Todavía estuve junto a la ventana mirando a su luz aquellos papeles: allí aparecían los nombres del abad Sancho y de Evancio, monje de a pie en el siglo XI; de San Indalecio y Juan de Atarés… la lectura de aquel legajo se anunciaba prometedora, pero me estaba quedando frío y ya era hora de volver al trabajo, así que ordené los folios y al reagruparlos apoyando la resma sobre una estantería se escurrió el recorte amarillento de un periódico local:
“La leyenda del santo Grial” rezaba el titular.
¡El Santo Grial! Yo lo había visto en la catedral de Valencia, pero siempre había oído que durante los siglos más oscuros, cuando los caballeros de la tabla redonda partieron de Camelot en su busca, había sido custodiado en la abadía pinatense.
Eché un vistazo al artículo, leyendo en diagonal palabras sueltas: Parsifal, Jerusalén y los cruzados, Amfortas o el “Rey pescador”, Arturo, los caballeros del Santo Sepulcro, Alfonso I el Batallador…
¿Qué más podía pedir? La exploración de la segunda planta había sido tan excitante como la de los bosques nevados días atrás. Cerré la ventana. Ya podían caer chuzos de punta o nevar o granizar, que la letra impresa, como lluvia sobre mi espíritu, me llevaría muy lejos.
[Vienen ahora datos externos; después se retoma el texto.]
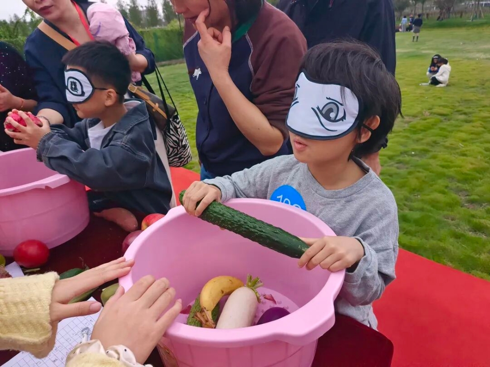 “果蔬猜猜乐”区域,孩子们通过触摸猜测箱中蔬果,调动全部感官认识自然。箱中放置了土豆、胡萝卜、黄瓜、红薯、苹果等十余种常见农产品。小朋友们小手探入,表情专注又好奇。“我摸到玉米!一粒一粒的!”“这个刺刺的肯定是黄瓜!”现场猜测声、欢笑声、鼓励声此起彼伏。
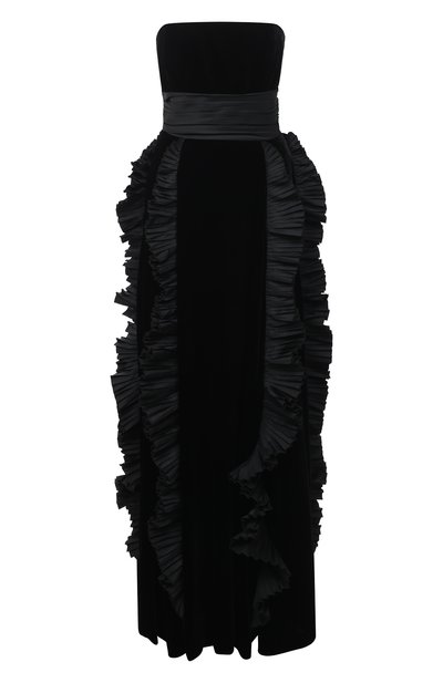 На создание межсезонной коллекции Зухэира Мурада вдохновил стиль ар-деко 1920-х годов. Это отразилось в выборе материалов и декора для черного платья-бюстье. Модель сшили из мягкого бархата с благородным блеском. Отрезной расклешенный подол сделали объемнее ниспадающими плиссированными оборками, словно выполненными из гофрированной бумаги.
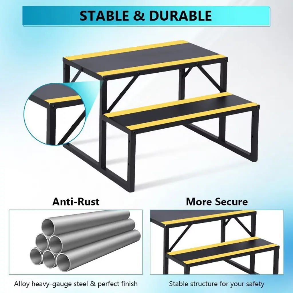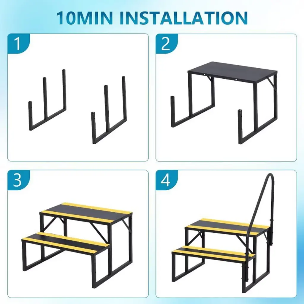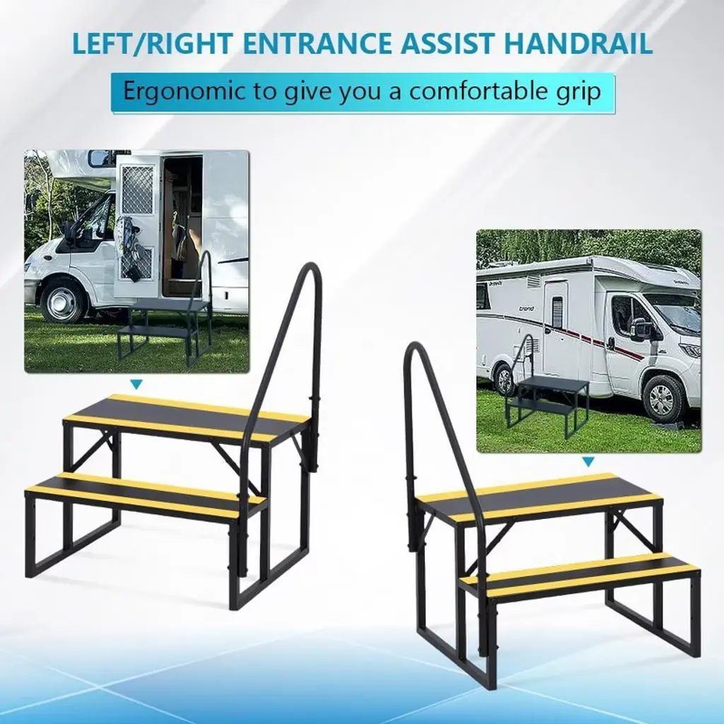 This portable step stool with handrail is a versatile and reliable companion for a variety of settings, from campervans and travel trailers to hot tubs and above-ground pools. Its compact design makes it easy to carry and store, while the sturdy alloy steel construction with a black powder-coated finish ensures it resists rust and damage caused by sun and rain. Whether you're stepping into your RV, accessing a backyard pool, or reaching high compartments at home, this ladder enhances safety and convenience. The strong carbon steel handrails provide secure support and a comfortable grip, firmly attached with heavy-duty screws for stability yet easy to dismantle when needed. The unique triangular bar structure and wider rungs deliver exceptional balance and footing, supporting up to 400 pounds to accommodate users of all sizes confidently. Assembly is straightforward, requiring no tools and typically completed by two people within 13 minutes. Its polished black finish adds a sleek look while simplifying cleanup with just a quick wipe. Available in two and three-step options, this ladder adapts to your specific needs, making it a practical, durable, and stylish solution for indoor and outdoor use throughout the year.
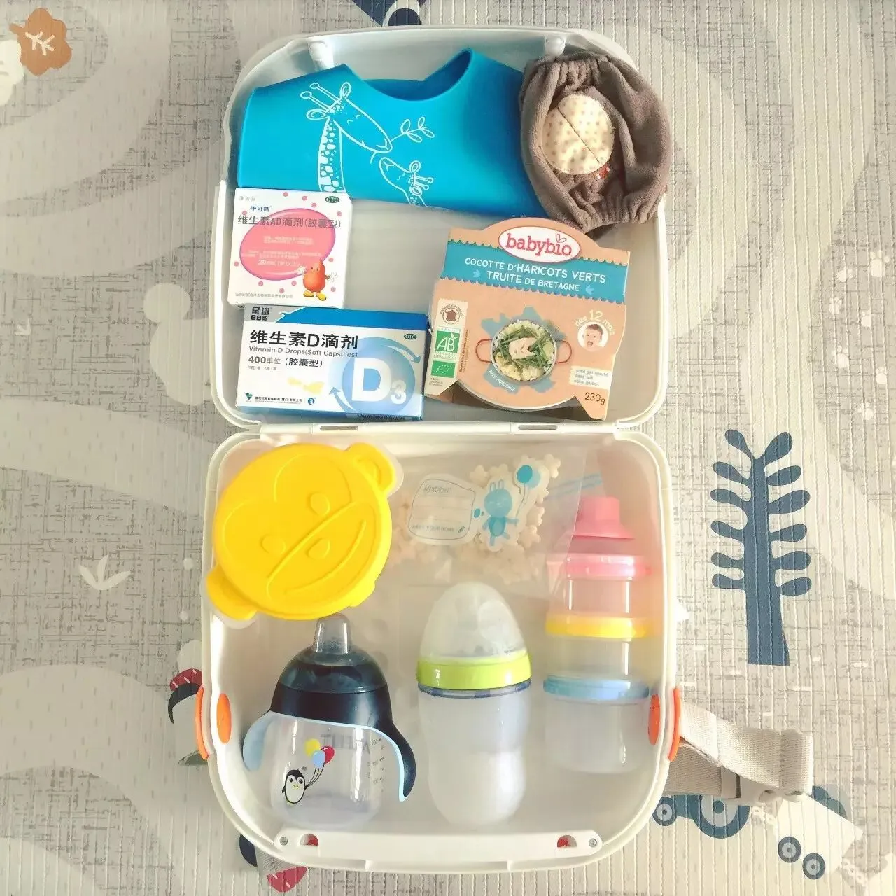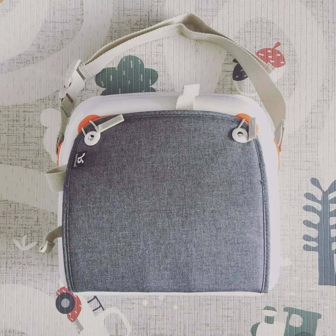 这款便携式餐椅是一个垫高式简易餐椅,也同时是一个收纳箱。我们是一直把它放在车子的后备箱里,如果去的餐厅正好没有宝宝椅,这款餐椅就能解燃眉之急,所有的妈妈肯定都深有体会,没有餐椅,大人和宝宝都是完全没法安静吃饭的。这次旅行我也带了这款餐椅,因为它同时也是收纳箱,我觉得非常方便,由于婴儿车是随身携带上飞机的,所以这款餐椅也是一直随时挂在婴儿车上的,完全不占地方。餐椅里我们放了几乎所有的辅食和餐具,小身材大容量。

Ya podía oír arneses y armaduras entrechocando entre las apretadas líneas de la escritura, ya escuchaba caballos piafando impacientes ante los paréntesis y lanzas quebrándose en los puntos y aparte y ya se batían en retirada los sarracenos ante la compacta formación de los párrafos que seguían a las banderas de cada mayúscula.
***
Dejé la carpeta en mi dormitorio, atrapada la hueste que rebullía entre sus papeles con los lazos de sus tapas, y pasé la tarde pintando. Acabé de componer la escena equilibrándola con un viejo tocón astillado y carcomido. Tenía unos apuntes de abetos muertos tomados a lápiz en los bosques de la Alta Saboya, cuando todavía era un estudiante de Bellas Artes. Entre ellos destacaba un árbol desmochado: un buen dibujo que había utilizado en más de una ocasión aunque cada vez lo interpretaba de manera diferente. En el mural para la selva de Oza lo dibujé mucho más alto, con piñas entre el ramaje seco y descortezado sólo en la parte superior…
¡La selva de Oza… con aquel trabajo sí que había pasado frío! Lo ejecuté en Zaragoza sobre siete paneles de dos metros cuadrados que después se instalaron definitivamente en la villa de Hecho. En mi taller no cabía semejante superficie, así que la administración me permitió trabajar en uno de sus almacenes. Eran los bajos de un edificio sin calefacción, con muy mala luz y sin agua corriente. Cada mañana tenía que ir a la fuente de César Augusto, junto al Mercado Central, romper el hielo y llenar un par de cubos: uno para pintar y lavar los pinceles, el otro lo usaba como orinal. Era diciembre, durante una ola de frío, en esos días de nieblas densas que tejen puntillas de escarcha en los tristes árboles del asfalto ciudadano. No se vio el sol en una semana y mi pequeña estufa eléctrica no llegaba a calentar el inmenso local. Pero en la pintura la luz entra a raudales entre las vetustas hayas y los pinos centenarios del bosque cheso; el musgo espeso de sus cortezas se enciende con verdes luminosos y el sol alcanza las cimas lejanas de Castillo de Acher y Petrachema, creando una atmósfera limpia y cálida. En mi imaginación resonaban unos versos de Machado: “Entre las vetustas hayas / y los pinos centenarios / un rojo sol se filtraba”. Cómo a partir de esas pocas palabras pude recrear la serenidad radiante de los primeros días del otoño montañés en la sórdida y fría calle del casco viejo es algo que todavía no puedo explicarme.